- **INSTRUCTIONS TO FOLLOW**
The entries below contain pictures. Write out only the lines from the line with "1月3日下午,我校首次学院专" up to and including the line with "For another sweet-heat", exactly, without them.

*** DATA TO PROCESS ***

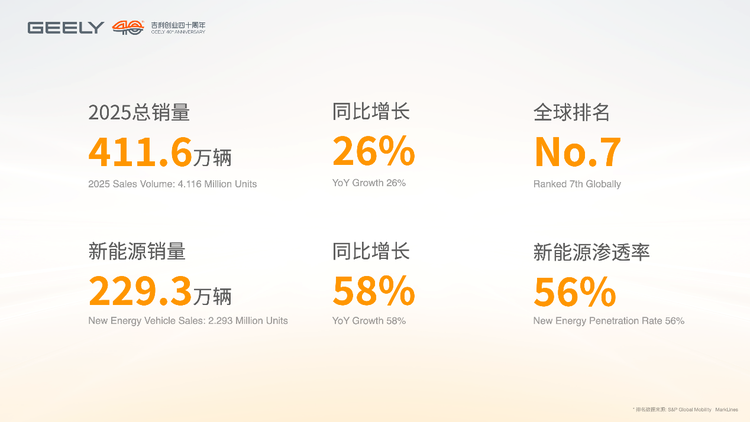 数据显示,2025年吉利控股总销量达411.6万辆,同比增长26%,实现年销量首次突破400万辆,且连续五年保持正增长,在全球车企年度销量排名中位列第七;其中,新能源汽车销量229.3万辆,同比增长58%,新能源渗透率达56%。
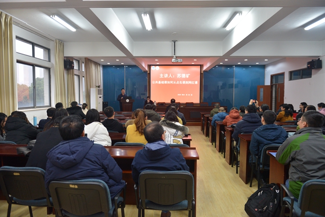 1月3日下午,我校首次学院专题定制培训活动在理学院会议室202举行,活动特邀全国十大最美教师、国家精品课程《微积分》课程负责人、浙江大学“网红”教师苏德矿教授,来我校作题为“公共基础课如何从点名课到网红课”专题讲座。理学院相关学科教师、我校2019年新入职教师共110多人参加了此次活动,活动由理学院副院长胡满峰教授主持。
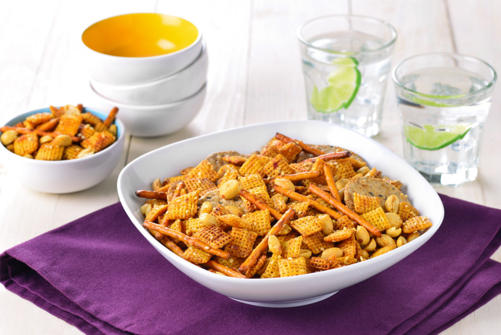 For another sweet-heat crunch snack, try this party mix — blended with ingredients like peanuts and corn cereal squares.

*** End of DATA TO PROCESS ***
*** DATA TO PROCESS ***

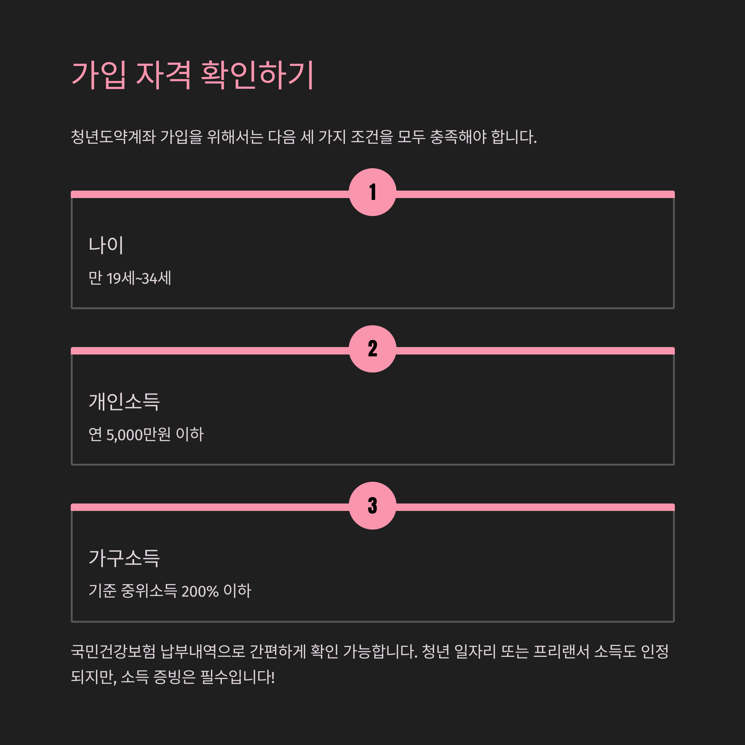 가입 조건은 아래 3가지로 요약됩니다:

*** End of DATA TO PROCESS ***
*** DATA TO PROCESS ***

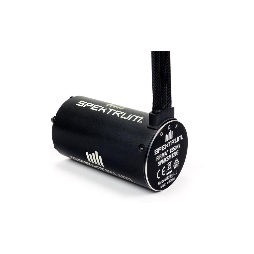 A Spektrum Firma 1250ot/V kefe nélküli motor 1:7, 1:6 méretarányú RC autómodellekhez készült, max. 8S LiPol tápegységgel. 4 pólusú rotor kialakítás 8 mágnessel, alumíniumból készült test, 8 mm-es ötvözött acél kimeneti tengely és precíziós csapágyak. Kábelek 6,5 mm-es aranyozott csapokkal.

*** End of DATA TO PROCESS ***

- **ANSWER BOX**
 1月3日下午,我校首次学院专题定制培训活动在理学院会议室202举行,活动特邀全国十大最美教师、国家精品课程《微积分》课程负责人、浙江大学“网红”教师苏德矿教授,来我校作题为“公共基础课如何从点名课到网红课”专题讲座。理学院相关学科教师、我校2019年新入职教师共110多人参加了此次活动,活动由理学院副院长胡满峰教授主持。
 For another sweet-heat crunch snack, try this party mix — blended with ingredients like peanuts and corn cereal squares.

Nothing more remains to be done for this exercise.